* Activity
Write out the data exactly, please, and omit the pictures.

* Task material
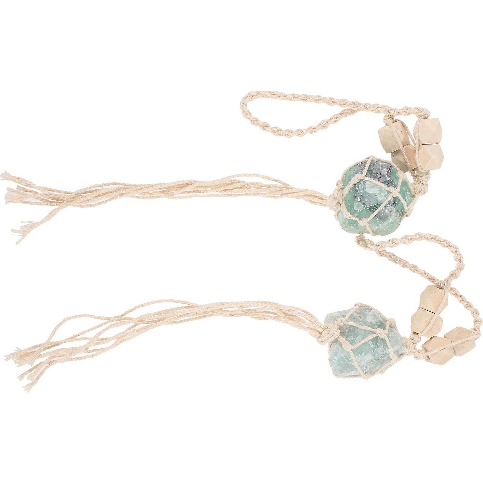 Interior Car Decor Natural Stone Hanging Ornament Oval Shape For Car Use Green 33x3.5cm Decoration 2Set
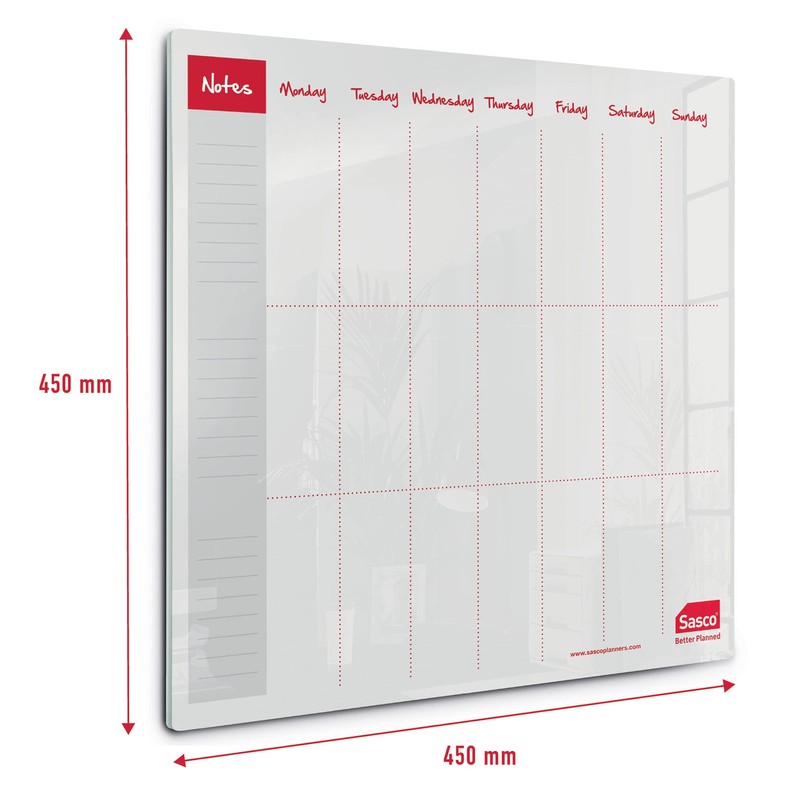 - Contents: 1 x Sasco Semi Transparent Acrylic Mini Whiteboard Weekly Planner, Desktop, dimensions: (W x H) 450 x 450 mm, Supplied with 1 x dry erase marker pen, White, 2410179
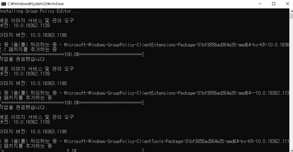 patch가 완료되면 "로컬 그룹 정책 편집기 (실행창에서 'gpedit.msc' 입력)"를 열어
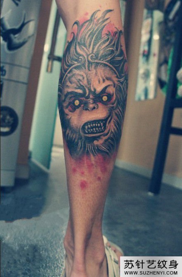 孙悟空头像小腿纹身_腿部纹身图案大全_纹身图吧
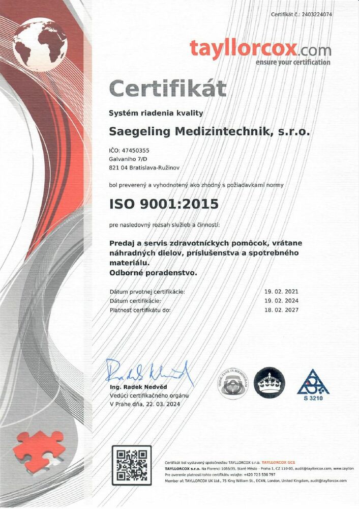 V roku 2016 získala spoločnosť certifikáciu podľa DIN EN ISO 9001 a DIN EN 13485 pre systém riadenie kvality ako i pre oblasť riadenia kvality – zdravotnícke pomôcky. Odvtedy je úspešne recertifikovaná.
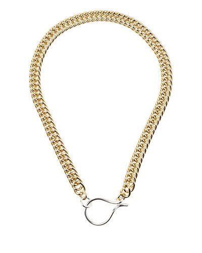 Gold plated silver brass chain bracelet with our signature clasp in silver.

* Exercise solution
 Interior Car Decor Natural Stone Hanging Ornament Oval Shape For Car Use Green 33x3.5cm Decoration 2Set
 - Contents: 1 x Sasco Semi Transparent Acrylic Mini Whiteboard Weekly Planner, Desktop, dimensions: (W x H) 450 x 450 mm, Supplied with 1 x dry erase marker pen, White, 2410179
 patch가 완료되면 "로컬 그룹 정책 편집기 (실행창에서 'gpedit.msc' 입력)"를 열어
 孙悟空头像小腿纹身_腿部纹身图案大全_纹身图吧
 V roku 2016 získala spoločnosť certifikáciu podľa DIN EN ISO 9001 a DIN EN 13485 pre systém riadenie kvality ako i pre oblasť riadenia kvality – zdravotnícke pomôcky. Odvtedy je úspešne recertifikovaná.
 Gold plated silver brass chain bracelet with our signature clasp in silver.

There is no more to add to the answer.